Most search engines provide information based on commercial interests and profiling. Andreas Wagner describes a European Union project called Open Web Search which aims to offer free and transparent information access.
What is Open Web Search?
The Open Web Search project was started by a group of people who were concerned that navigation in the digital world is led by a handful of big commercial players (the European search market is largely dominated by Google, for example), who don’t simply offer their services out of generosity but because they want to generate revenue from advertisements. To achieve that they put great effort into profiling users: they analyse what you are searching for and then use this information to create more targeted adverts that create more revenue for them. They also filter search results to present information that fits your world view, to make sure that you come back because you feel at home on those web pages. For some people, and for the European Commission in the context of striving for open access to information and digital sovereignty, as well as becoming independent of US-based tech giants, this is a big concern.
How did the project come about?
In 2017 the founder of the Open Search Foundation reached out to me because I was working on CERN’s institutional search. He had a visionary idea: an open web index that is free, accessible to everyone and completely transparent in terms of the algorithms that it uses. Another angle was to create a valuable resource for building future services, especially data services. Building an index of the web is a massive endeavour, especially when you consider that the estimated total number of web pages worldwide is around 50 billion.
You could argue that unbiased, transparent access to information in the digital world should be on the level of a basic right
A group of technical experts from different institutes and universities, along with the CERN IT department, began with a number of experiments that were used to get a feel for the scale of the project. For example, to see how many web pages a single server can index and to evaluate the open source projects used for crawling and indexing web pages. The results of these experiments were highly valuable when it came to replying to the Horizon Europe funding call later on.
In parallel, we started a conference series, the Open Search Symposia (OSSYM). Two years ago there was a call for funding in the framework of the European Union (EU) Horizon Europe programme dedicated to Open Web search. Together with 13 other institutions and organisations, the CERN IT department participated and we were awarded a grant. We were then able to start the project in September 2022.
What are the technical challenges in building a new search engine?
We don’t want to copy what others are doing. For one, we don’t have the resources to build a new, massive data centre. The idea is a more collaborative approach, to have a distributed system where people can join depending on their means and interests. CERN is leading work-package five “federated data infrastructure”, in which we
and our four infrastructure partners (DLR and LRZ in Germany, CSC in Finland and IT4I in the Czech Republic) provide the infrastructure to set up the system that will ultimately allow the index itself to be built in a purely distributed way. At CERN we are running the so-called URL frontier – a system that oversees what is going on in terms of crawling and preparing this index, and has a long list of URLs that should be collected. When running the crawlers, they report back on what they have found on different web pages. It’s basically bookkeeping to ensure that we coordinate activities and don’t duplicate the efforts already made by others.
Open Web Search is said to be based on European values and jurisdiction. Who and what defines these?
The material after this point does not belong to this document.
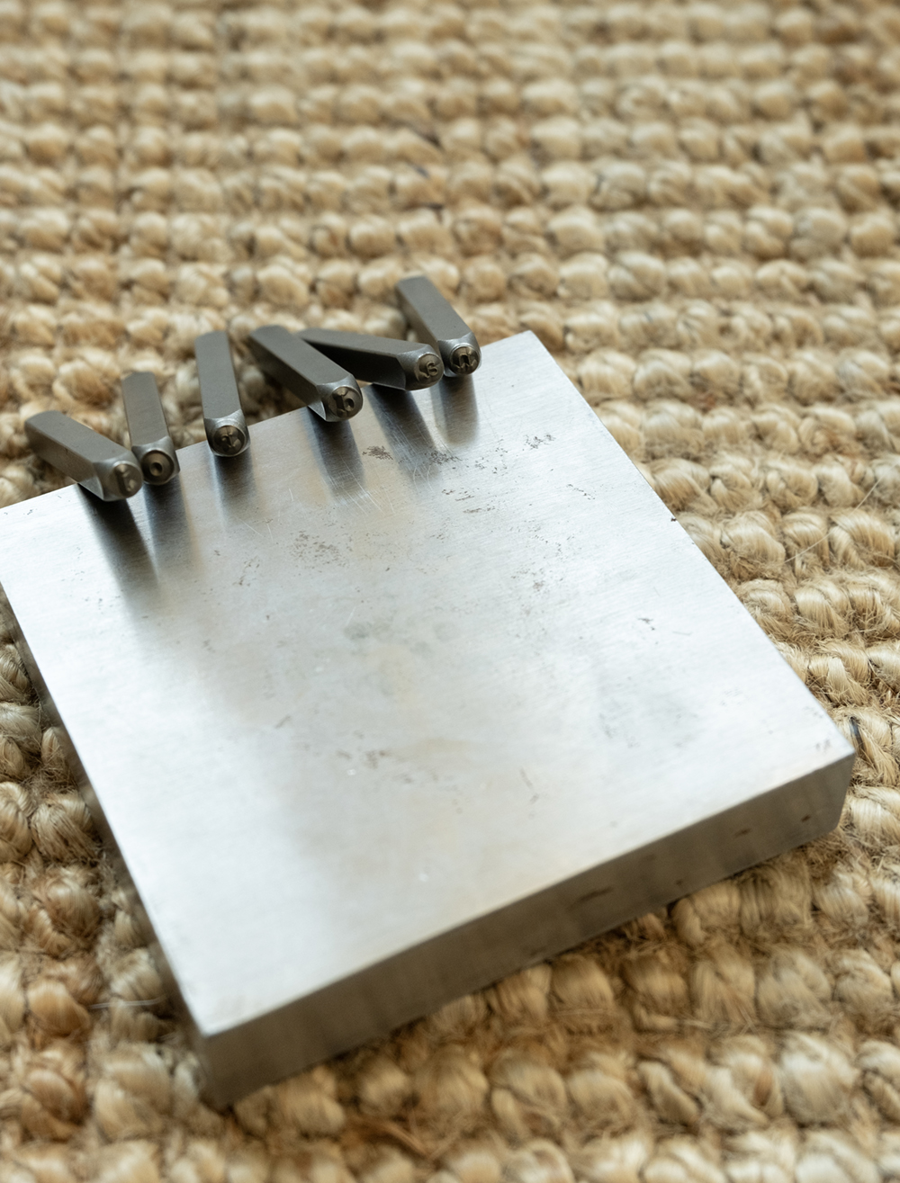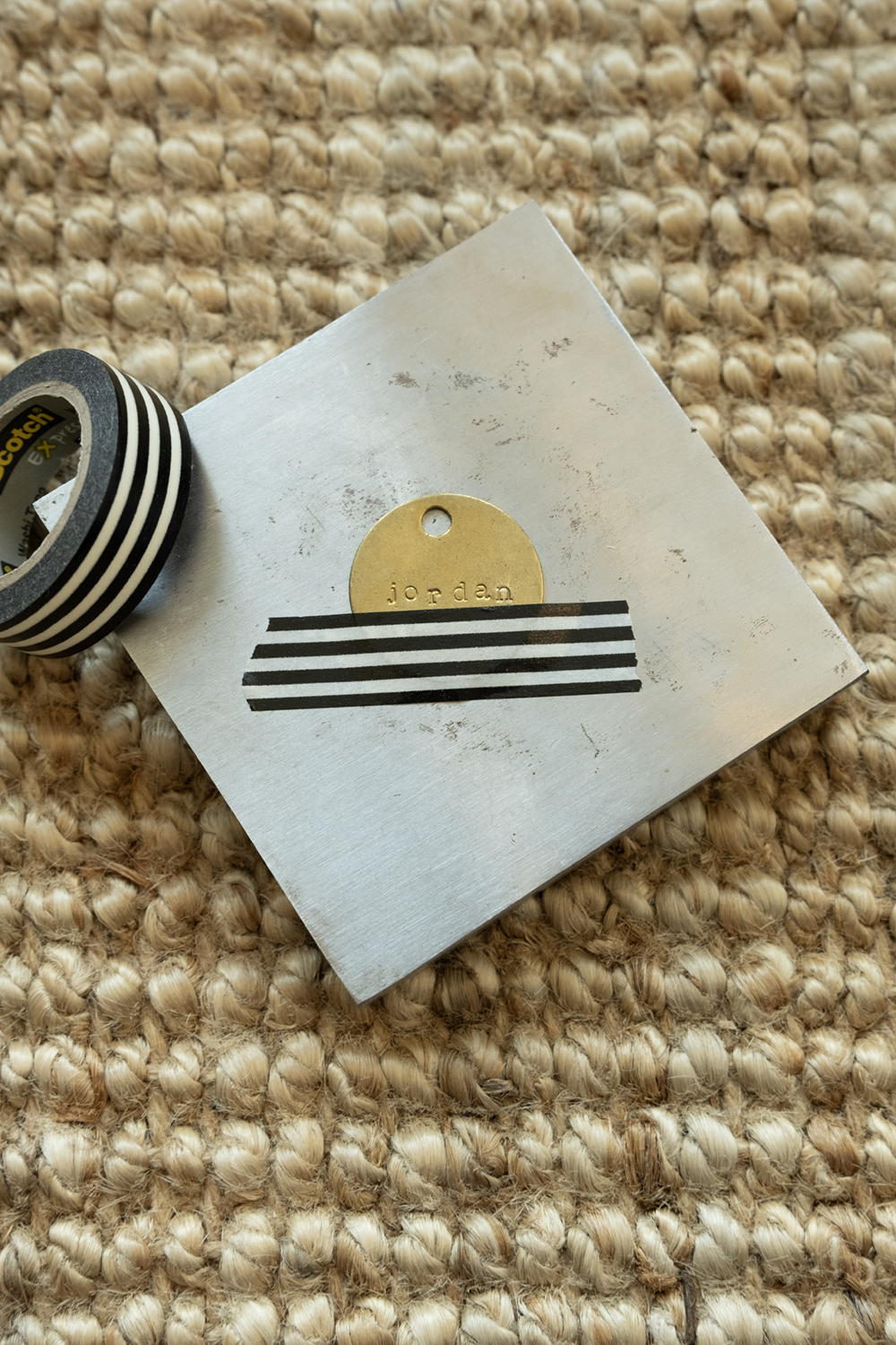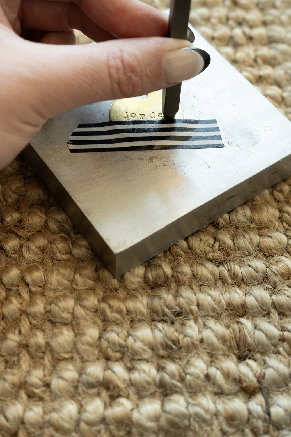 I start stamping my letters from the center and move outwards. So when Stamping J – O – R – D – A – N, I start with the R & D (splitting the center), then stamp the O & A, and end with J & N. Hold the stamp steady, and hit it once (hard!) with the hammer to avoid double stamping.

That’s an interesting question. Within the project there is a dedicated work package six titled “open web search ecosystem and sustainability” that covers the ethical, legal and societal aspects of open search and addresses the need for building an ecosystem around open search, including the proper governance processes for the infrastructure.
The legal aspect is quite challenging because it is all new territory. The digital world evolves much faster than a legislator can keep up! Information on the web is freely available to anyone, but the moment you start downloading and redistributing it you are taking on ownership and responsibility. So you need you take copyright into account, which is regulated by most EU countries. Criminal law is more delicate in terms of the legal content. Every country has its own rules and there is no conformity. Overall, European values include transparency, fairness for data availability and adhering to democratic core principles. We are aiming at including these European values into the core design of our solution from the very beginning.
What is the status of the project right now?
The project was launched just over a year ago. On the infrastructure side the aim was to have the components in place, meaning having workflows ready and running. It’s not fully automated yet and there is still a lot of challenging work to do, but we have a fully functional set-up, so some institutes have been able to start crawling; they feed the data and it gets stored and distributed to the participating infrastructure partners including CERN. At the CERN data centre we coordinate the crawling efforts and provide advanced monitoring. As we go forward, we will work on aspects of scalability so that there won’t be any problems when we go bigger.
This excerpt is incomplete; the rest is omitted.